══ EXERCISE DATA ══

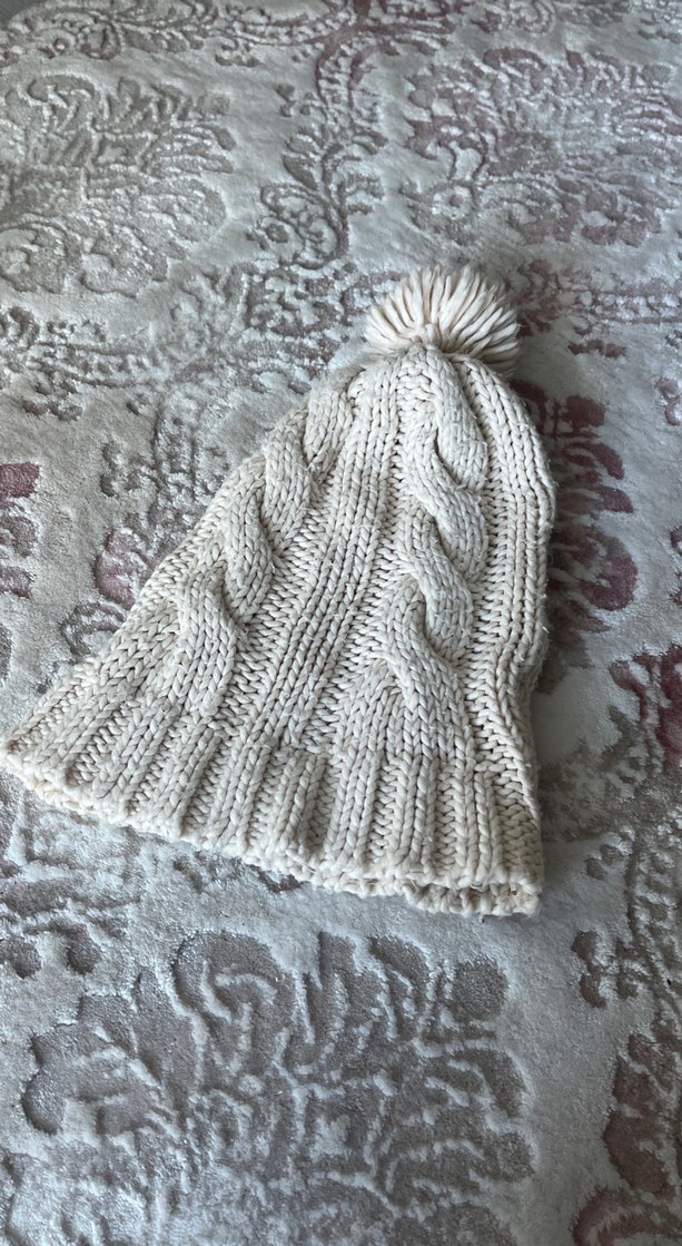 Beyaz örgüden yapılmış, üzerinde ponpon bulunan bohem tarzda kadın bere. Yumuşak ve rahat dokusu soğuk havalar için uygundur. ❄️
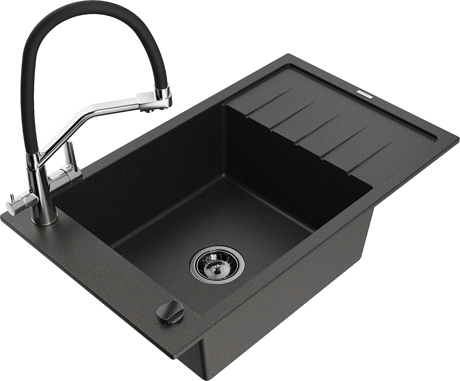 Mexen Elias granitový drez s 1 komorou, odkapávačom a kuchynskou batériou Duo, čierny/zlatý metalík - 6511-75-671701-07-B
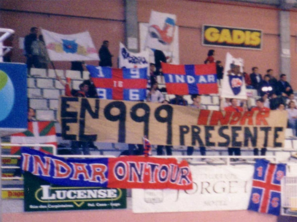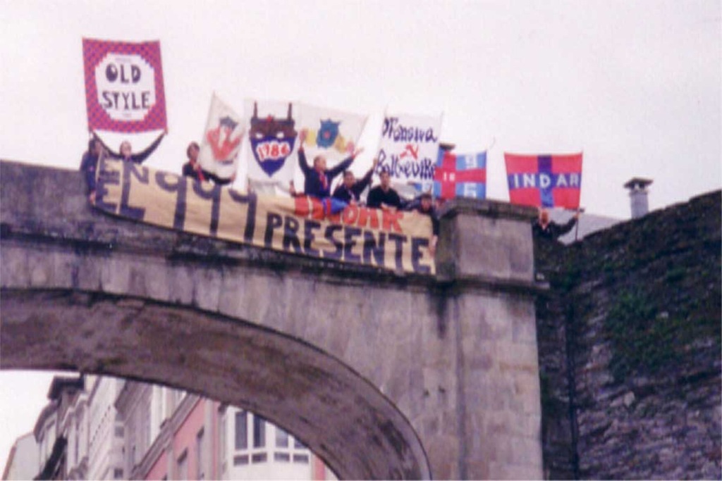 Después de esto cogimos las pancartas , estandartes… etc y nos fuimos acercando al pabellón, pero antes sacamos unas fotos en la muralla con una pancarta hecha para la ocasión “EN EL 999 INDAR PRESENTE” para entonces ya nos habíamos juntado con los 3 clásicos de Ourense que suelen acompañarnos en nuestras excursiones por tierras galegas.
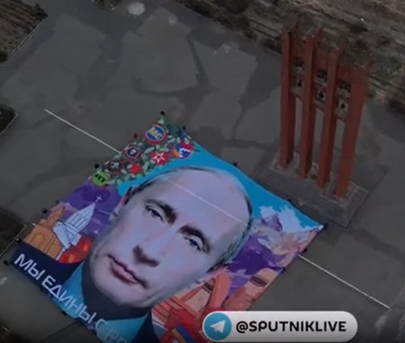 Հայաստանի Հանրապետության Արմավիրի մարզի Սարդարապատ հուշահամալիրում հայ կամավորները հսկայական պաստառ են պարզել՝ այդպիսով շնորհավորելով ՌԴ նախագահ Վլադիմիր Պուտինին նախագահական ընտրություններում տարած հաղթանակի կապակցությամբ։

═══

= WHAT YOU ARE ASKED TO DO =
Write out nothing but the lines from the start of the data through the line with "Mexen Elias granitový". Leave out the pictures.

= WRITTEN ANSWER =
 Beyaz örgüden yapılmış, üzerinde ponpon bulunan bohem tarzda kadın bere. Yumuşak ve rahat dokusu soğuk havalar için uygundur. ❄️
 Mexen Elias granitový drez s 1 komorou, odkapávačom a kuchynskou batériou Duo, čierny/zlatý metalík - 6511-75-671701-07-B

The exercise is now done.